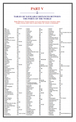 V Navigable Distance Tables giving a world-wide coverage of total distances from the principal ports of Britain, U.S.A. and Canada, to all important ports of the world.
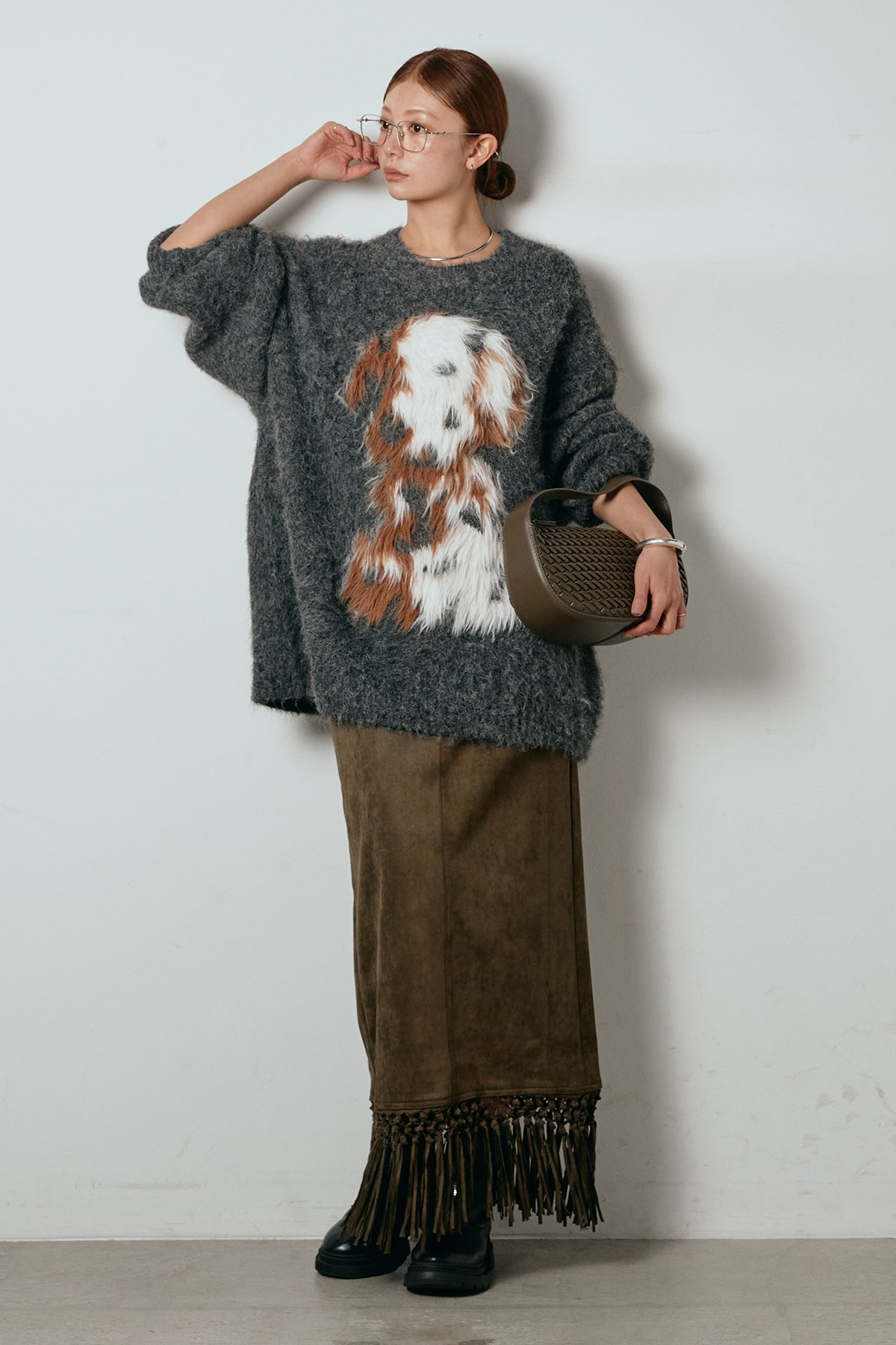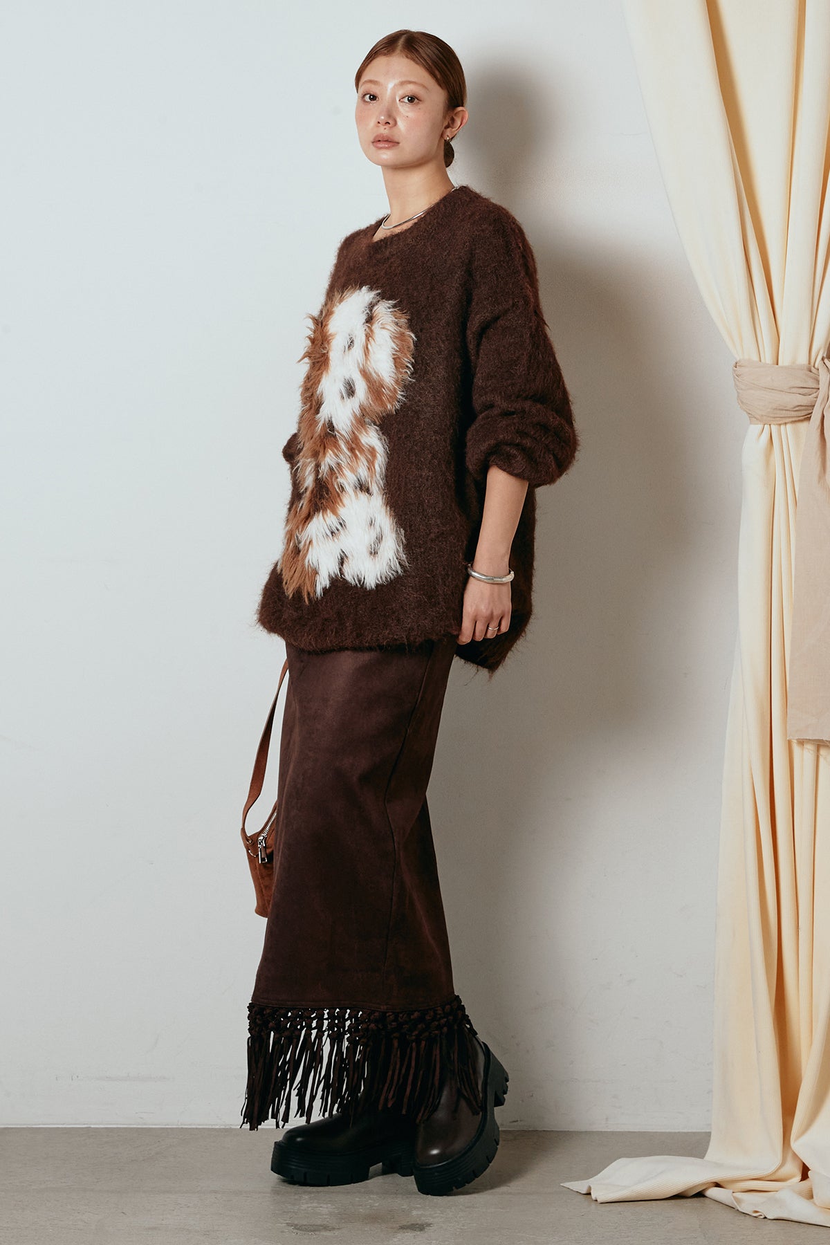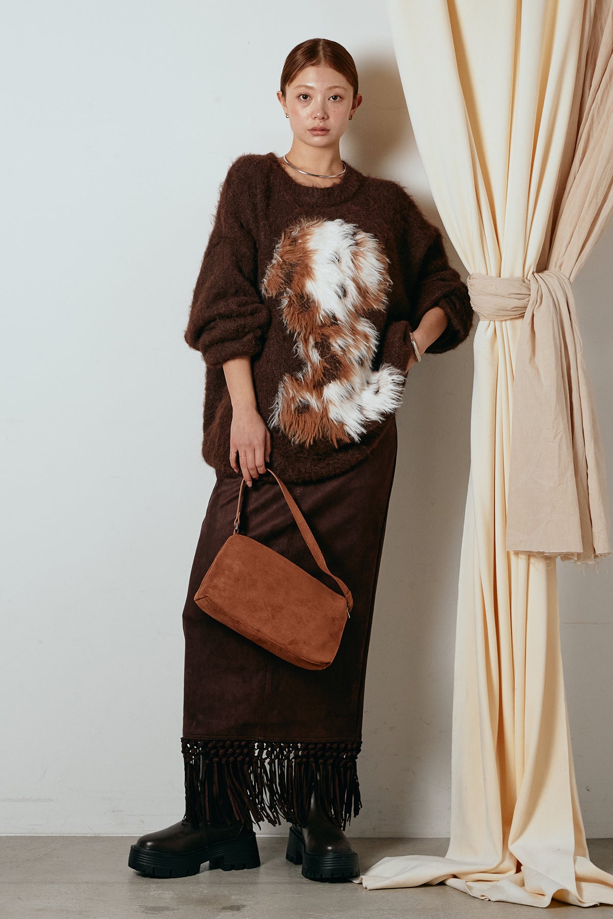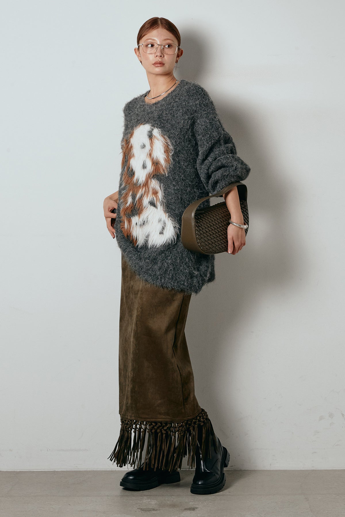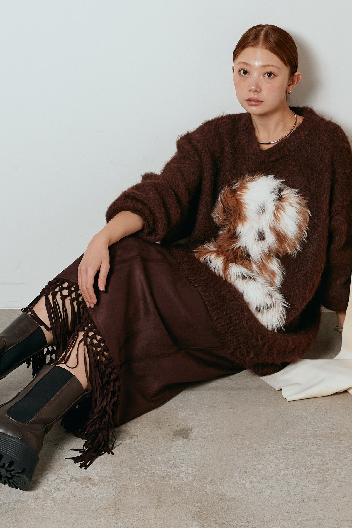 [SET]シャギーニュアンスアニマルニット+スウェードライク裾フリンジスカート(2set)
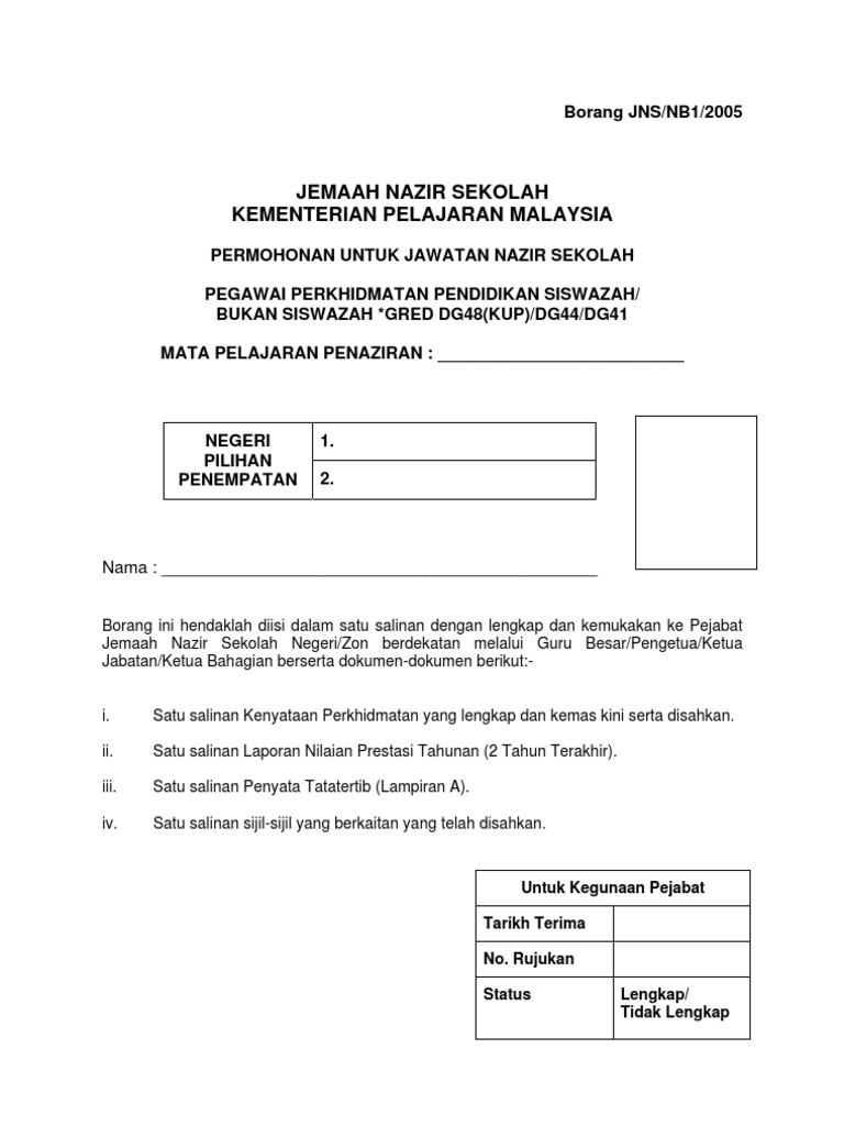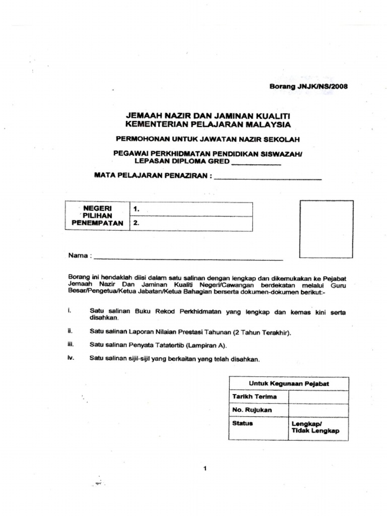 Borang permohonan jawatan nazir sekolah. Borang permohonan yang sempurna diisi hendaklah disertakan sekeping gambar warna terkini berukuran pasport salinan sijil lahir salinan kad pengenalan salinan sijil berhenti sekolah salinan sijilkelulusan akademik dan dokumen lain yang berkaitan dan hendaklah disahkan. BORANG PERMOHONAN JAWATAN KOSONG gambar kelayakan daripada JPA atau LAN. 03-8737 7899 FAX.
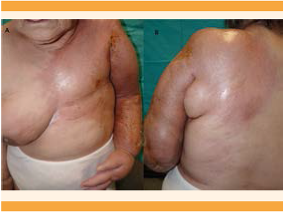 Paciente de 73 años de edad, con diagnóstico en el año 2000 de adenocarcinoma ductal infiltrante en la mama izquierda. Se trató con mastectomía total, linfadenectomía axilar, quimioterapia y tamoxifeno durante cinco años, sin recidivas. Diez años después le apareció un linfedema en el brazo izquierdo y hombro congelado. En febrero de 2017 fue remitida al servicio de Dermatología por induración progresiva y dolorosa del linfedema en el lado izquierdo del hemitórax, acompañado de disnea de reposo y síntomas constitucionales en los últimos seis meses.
####################
Problem –
What the task needs is the material above repeated exactly, pictures excepted.

Exercise result –
 V Navigable Distance Tables giving a world-wide coverage of total distances from the principal ports of Britain, U.S.A. and Canada, to all important ports of the world.
 [SET]シャギーニュアンスアニマルニット+スウェードライク裾フリンジスカート(2set)
 Borang permohonan jawatan nazir sekolah. Borang permohonan yang sempurna diisi hendaklah disertakan sekeping gambar warna terkini berukuran pasport salinan sijil lahir salinan kad pengenalan salinan sijil berhenti sekolah salinan sijilkelulusan akademik dan dokumen lain yang berkaitan dan hendaklah disahkan. BORANG PERMOHONAN JAWATAN KOSONG gambar kelayakan daripada JPA atau LAN. 03-8737 7899 FAX.
 Paciente de 73 años de edad, con diagnóstico en el año 2000 de adenocarcinoma ductal infiltrante en la mama izquierda. Se trató con mastectomía total, linfadenectomía axilar, quimioterapia y tamoxifeno durante cinco años, sin recidivas. Diez años después le apareció un linfedema en el brazo izquierdo y hombro congelado. En febrero de 2017 fue remitida al servicio de Dermatología por induración progresiva y dolorosa del linfedema en el lado izquierdo del hemitórax, acompañado de disnea de reposo y síntomas constitucionales en los últimos seis meses.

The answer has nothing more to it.